Putting it all together
Now that we’ve picked through the data in isolation, we thought it would prove useful to take a mile-high view and draw some conclusions about what we found from our data set, and how that might impact gaming on the AMD AM4 platform.
- DDR4-3200 “maxed” settings: tCL =12, tRCDW/R = 12, tRP = 12, tRAS = 28, tRC = 54, tWR = 12, tWCL = 9, tRFC = 224, tRTP = 8, tRDRDSCL = 2, tWRWRSCL = 2, ProcODT = 60Ω.
- DDR4-3466 “tuned” settings: tCL = 14, tRCDR/W = 14, tRP = 14, tRAS = 28, ProcODT = 60Ω, CR = 1T, GDM = Disabled, BGS = Disabled.

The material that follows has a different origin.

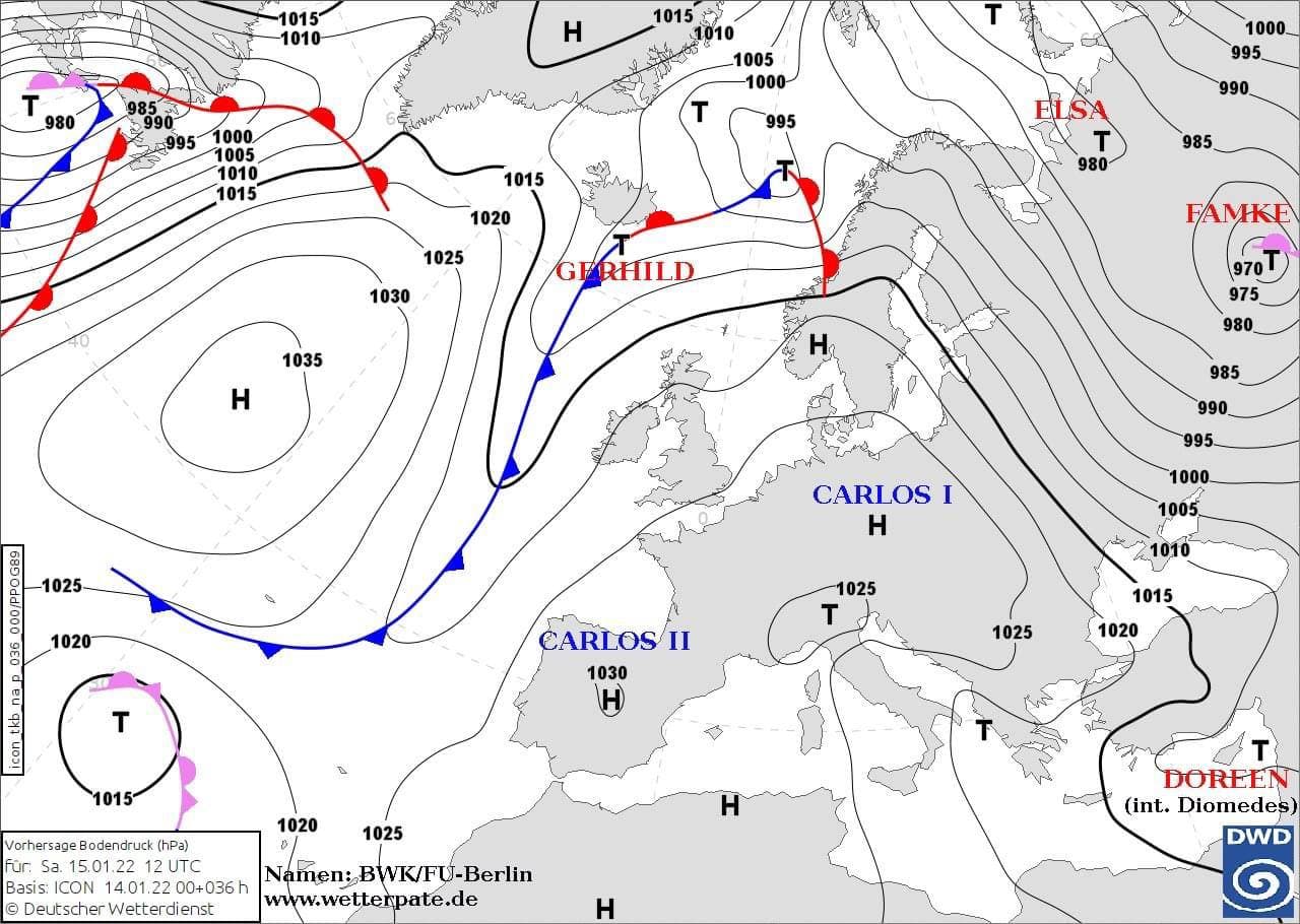 Сильний вітер, який спостерігається в Україні 14 січня, приніс потепління. Вітряна погода, яка викликана протистоянням антициклону Carlos та циклону Famke, збережеться в країні й у суботу, 15 січня.

- DDR4-3520 “tuned” settings: tCL = 14, tRCDW/R = 14, tRP = 14, tRAS = 30, tRC = 56, tWR = 14, tWCL = 12, tRFC = 312, ProcODT = 53.3Ω.
- Conclusion #1: Dual rank DIMMs (yellow) offered the best performance amongst “set and forget” (light blue, orange, yellow) memory configured automatically by XMP profiles.
- Conclusion #1a: But the increased overclocking headroom of single rank modules was more than enough to overpower the benefits of rank interleaving, so manually-tuned single rank DDR4-3200 and 3466 won the day (dark blue and green).
- Conclusion #2: BankGroupSwap should likely be disabled for users that want the best PC gaming performance. As always, test your specific use case.
- Conclusion #3: Chasing the highest possible clockspeed required timings so relaxed that real world performance suffered versus lower frequencies with tighter timings. This is a fine balance, however, so testing on your platform is always helpful.
- Conclusion #4: Geardown Mode should likely be disabled if your overclock is stable with a 1T command rate. As always, test your specific use case.
We hope these insights prove useful, and we’re looking forward to your feedback.